Fashion Fair is a medium-sized, enclosed shopping mall in Fresno, California, anchored by two Macy's stores, JCPenney, and Forever 21. Originally opened in 1970, Fashion Fair was expanded in 1983 (to accommodate Macy's and a new food court) and in 2005 (with the addition of an outdoor lifestyle wing). It competes with The Shops at River Park and Fig Garden Village, two outdoor shopping centers in the city of Fresno.

History
The  mall was built in 1970 by the MacDonald Group and was sold in 1987. The mall originally opened with Gottschalks, J. C. Penney, and Weinstock's; Macy's joined the roster in 1983.

In 1996, Weinstock's parent company, Broadway Department Stores, merged with its competitor, Federated Department Stores.

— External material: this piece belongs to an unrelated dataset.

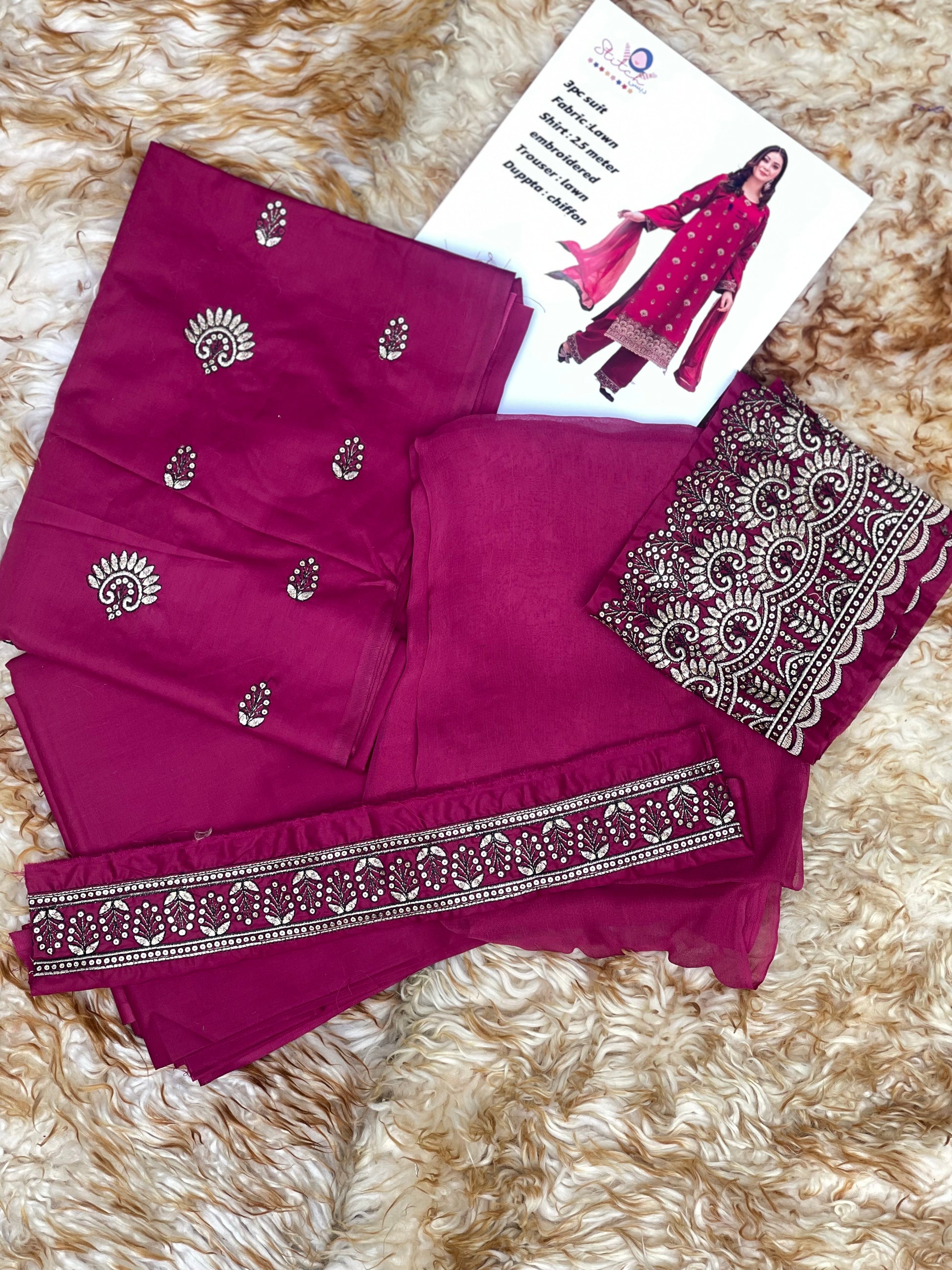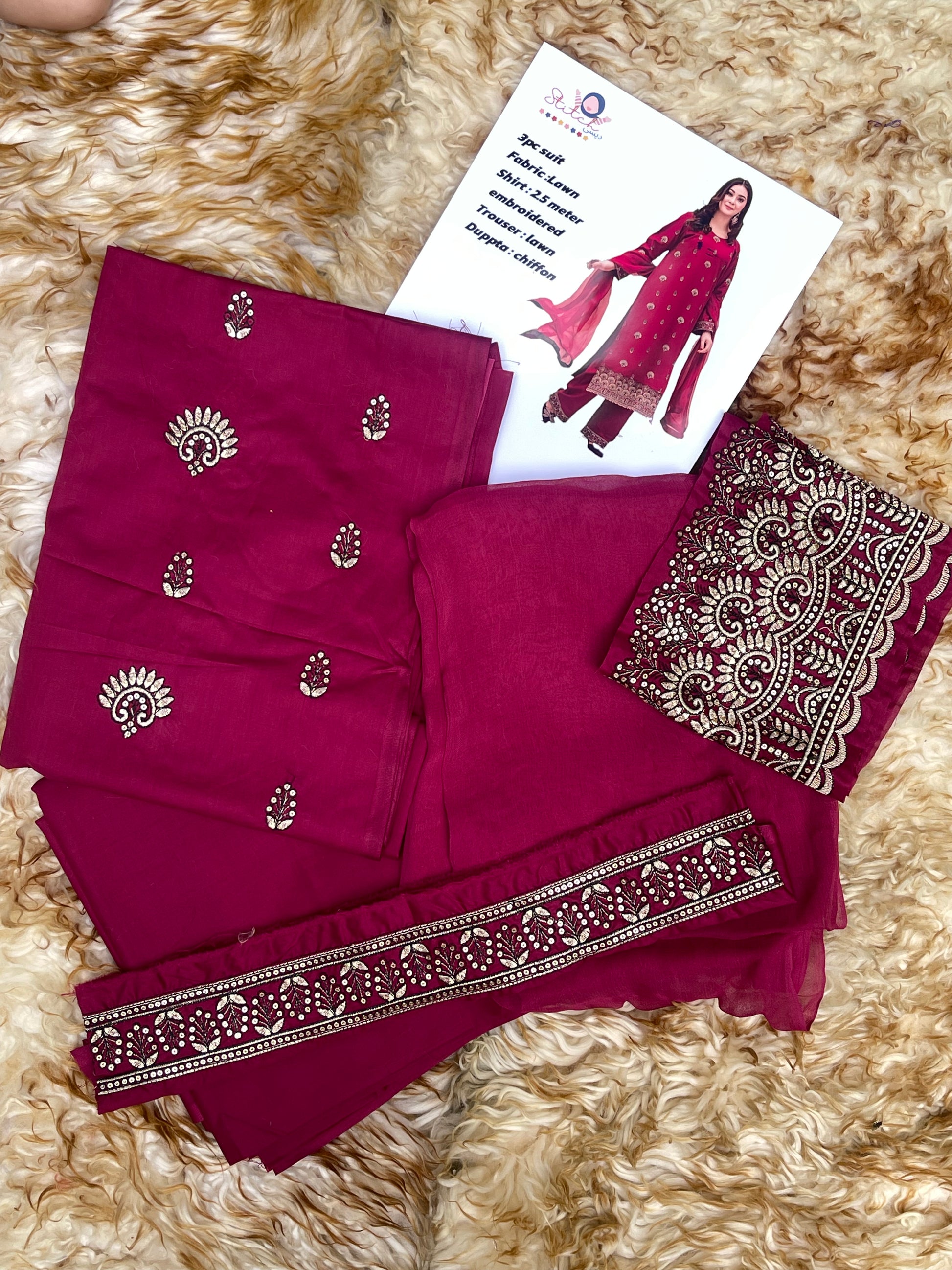A timeless expression of tradition, the Afsaneh Embroidered Suit features exquisite embroidery on a gracefully tailored shirt, paired with a classic trouser and an elegant dupatta. Perfect for festive gatherings and cultural celebrations, this ensemble embodies heritage with a touch of sophistication.
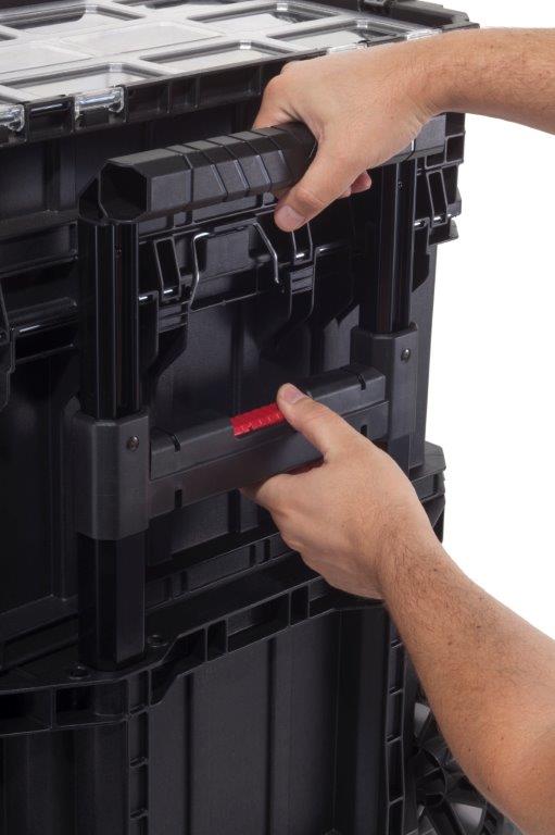 Nářadí si bezpečně uložíte do vnitřní části boxu nebo přímo do vozíku. Kromě toho jistě naplníte také organizér. Ten uchytíte na horní část boxu nebo ho použijete samostatně. Organizér je navíc vybavený vyjímatelnými přihrádkami, do kterých uskladníte drobné součástky. Díky průhlednému víku získáte dokonalý přehled o uložených předmětech.

While most of Broadway's stores were converted to the Macy's nameplate, Weinstock's stores in Fresno and Modesto were traded to Gottschalks. This allowed Gottschalks to take over the larger Weinstock's buildings, while Macy's converted the original Gottschalks stores into separate Macy's Men's & Children's stores. Gottschalks filed for bankruptcy in 2009 and sold its lease to Forever 21. In 2019, Macy's relocated the children's department back to the original Macy's building to make room for the addition of Macy's Backstage. 

After an extensive remodel, Forever 21 opened on April 1, 2011; this was the largest Forever 21 built in the United States at 164,052 square feet. Approximately one year after opening, the store downsized and took the third level out of service. In Spring 2019 amid company restructuring, the store downsized again leaving only the first floor in use. The 2nd level partially reopened on August 30, 2019, however, was re-closed by October 24, 2019 leaving only the first floor in use. Forever 21 filed for Chapter 11 Bankruptcy on September 29, 2019. On October 1, 2019, this location was placed on the initial list of stores set to close by the end of the year. By October 31, 2019, the store was removed from the list of locations to close. 

In 2005, construction on a 94,000 square-foot expansion commenced. Dubbed The Village at Fashion Fair, the open-air wing features upscale retailers including Charming Charlie, Lucky Brand Jeans, LUSH Cosmetics, Michael Kors, and Sephora;  alongside The Cheesecake Factory and a Fleming's steakhouse.

The Village has experienced significant turnover since it opened, with major retailers Urban Outfitters, Anthropologie, and Z Gallerie (among others) exiting the property after less than 10 years in business. The former Urban Outfitters was replaced with an Ulta Beauty store in 2018, which was joined by Fresno's second H&M store later in the year. Charming Charlie, which originally replaced Z Gallerie, closed in 2019, and was replaced with a Five Below which opened September 27, 2019. However, Charming Charlie returned to the mall in 2021 as part of a revival of the chain, replacing a former Guess clothing store in The Village, before closing again the next year.

The mall added a forest-themed play area in 2008.

A van selling official Hello Kitty merchandise has stopped at Fashion Fair Mall many times, drawing thousands.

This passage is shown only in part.